In the material below, pictures must be dropped. Repeat exactly, and only, the lines from the line with "Elles sont faites" to the line with "업계 1위 CJ대한통운은", both ends included.

===== PROVIDED RECORDS =====

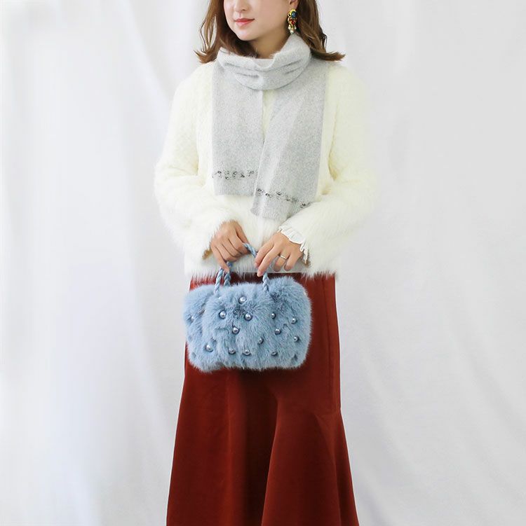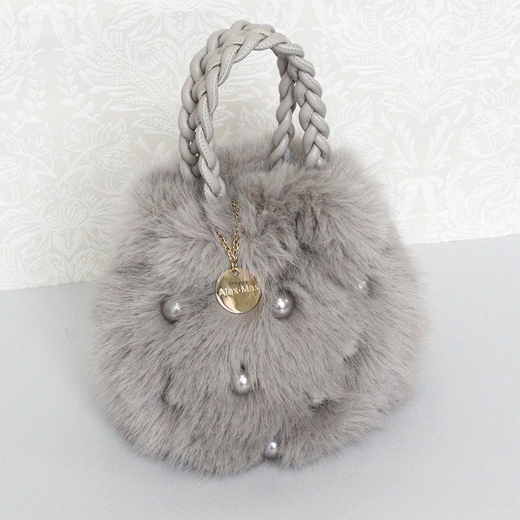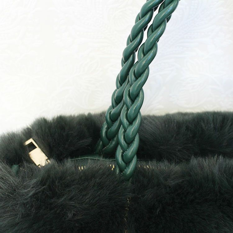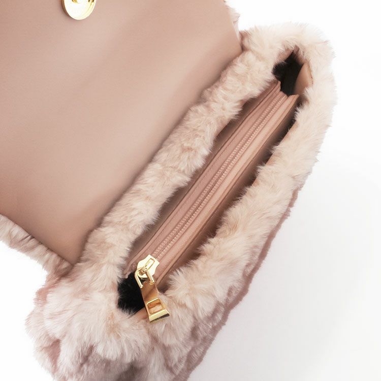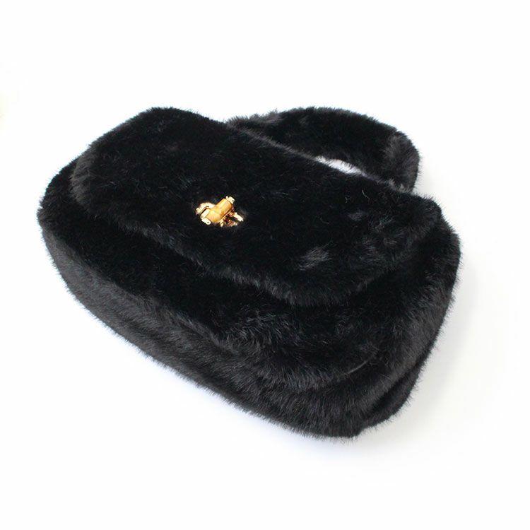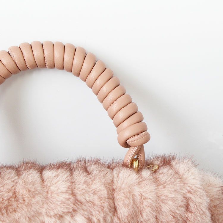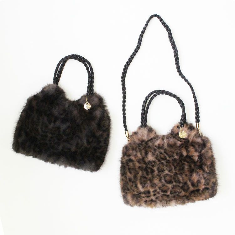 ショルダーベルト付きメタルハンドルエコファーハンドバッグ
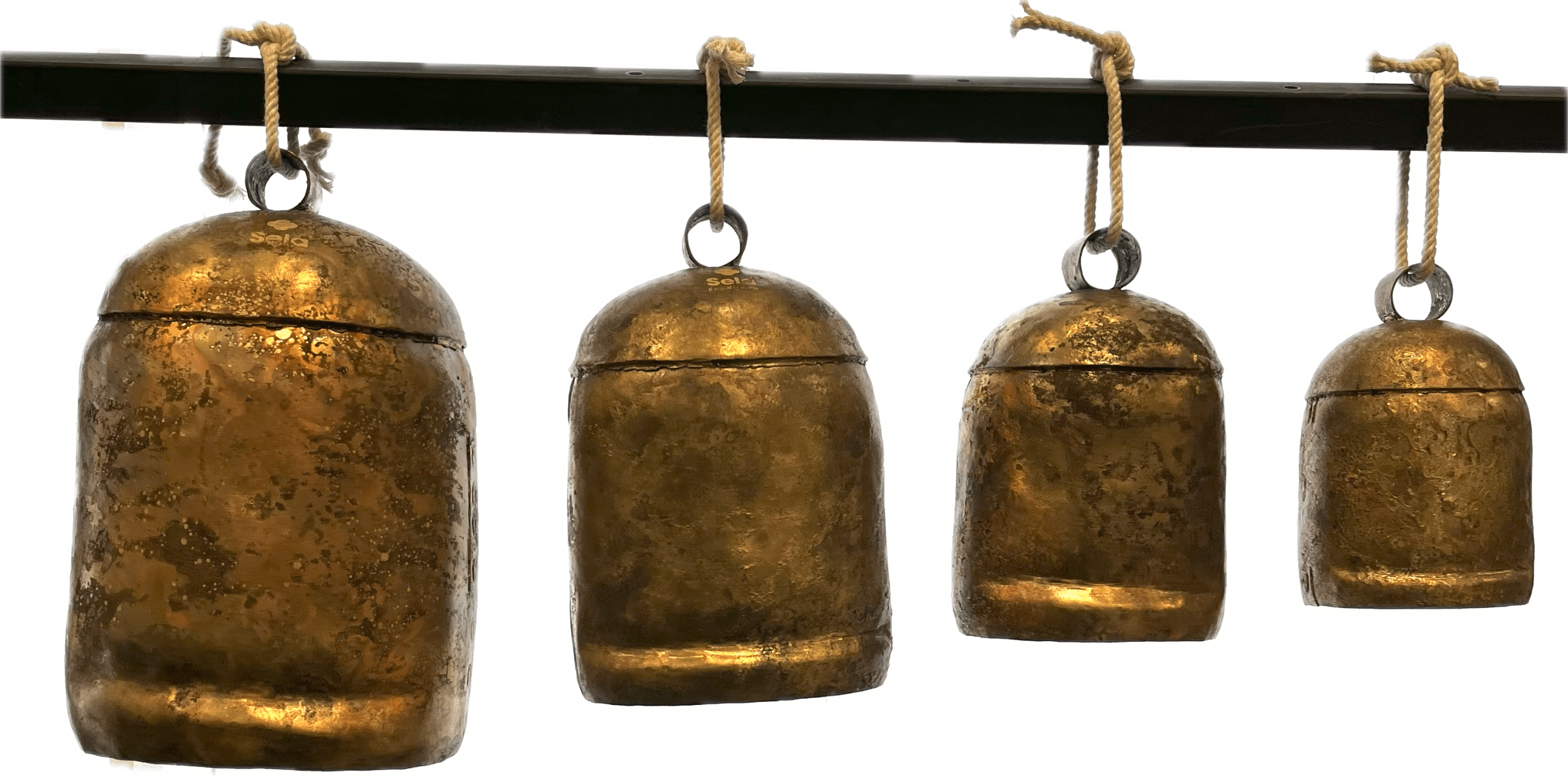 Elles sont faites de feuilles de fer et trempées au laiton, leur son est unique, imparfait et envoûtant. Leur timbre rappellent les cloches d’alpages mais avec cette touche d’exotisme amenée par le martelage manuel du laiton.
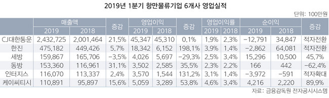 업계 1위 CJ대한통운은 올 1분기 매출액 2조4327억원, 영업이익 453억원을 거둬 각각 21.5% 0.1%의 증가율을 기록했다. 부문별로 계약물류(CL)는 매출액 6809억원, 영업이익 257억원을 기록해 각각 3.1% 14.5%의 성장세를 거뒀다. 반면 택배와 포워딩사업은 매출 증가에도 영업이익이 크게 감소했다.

=====
===== PROVIDED RECORDS =====

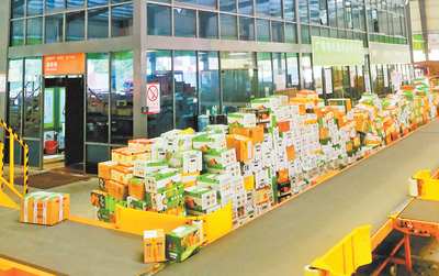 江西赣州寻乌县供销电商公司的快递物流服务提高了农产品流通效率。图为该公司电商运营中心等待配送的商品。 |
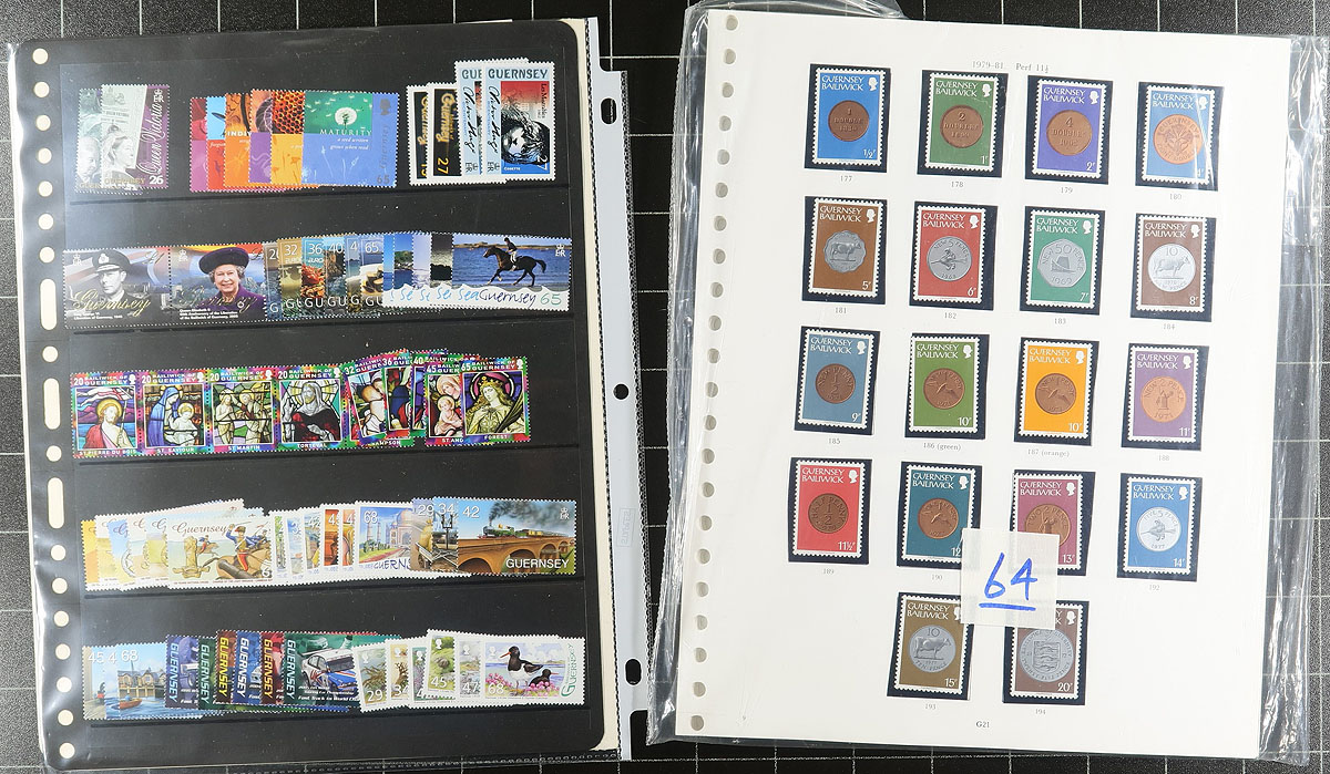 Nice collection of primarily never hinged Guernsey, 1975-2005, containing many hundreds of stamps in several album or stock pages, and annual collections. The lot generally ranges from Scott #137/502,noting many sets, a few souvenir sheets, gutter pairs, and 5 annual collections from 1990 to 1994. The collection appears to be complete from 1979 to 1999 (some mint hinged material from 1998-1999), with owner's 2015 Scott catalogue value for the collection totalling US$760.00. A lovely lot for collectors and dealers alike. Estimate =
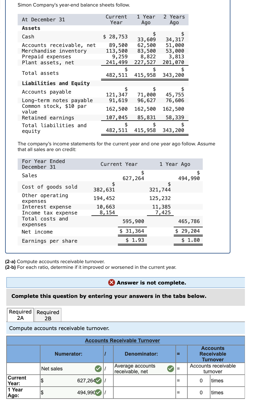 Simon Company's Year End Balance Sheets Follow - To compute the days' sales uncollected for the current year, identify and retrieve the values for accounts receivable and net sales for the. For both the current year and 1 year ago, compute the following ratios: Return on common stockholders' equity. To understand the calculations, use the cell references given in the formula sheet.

=====

◆ TASK ANSWER ◆
 Elles sont faites de feuilles de fer et trempées au laiton, leur son est unique, imparfait et envoûtant. Leur timbre rappellent les cloches d’alpages mais avec cette touche d’exotisme amenée par le martelage manuel du laiton.
 업계 1위 CJ대한통운은 올 1분기 매출액 2조4327억원, 영업이익 453억원을 거둬 각각 21.5% 0.1%의 증가율을 기록했다. 부문별로 계약물류(CL)는 매출액 6809억원, 영업이익 257억원을 기록해 각각 3.1% 14.5%의 성장세를 거뒀다. 반면 택배와 포워딩사업은 매출 증가에도 영업이익이 크게 감소했다.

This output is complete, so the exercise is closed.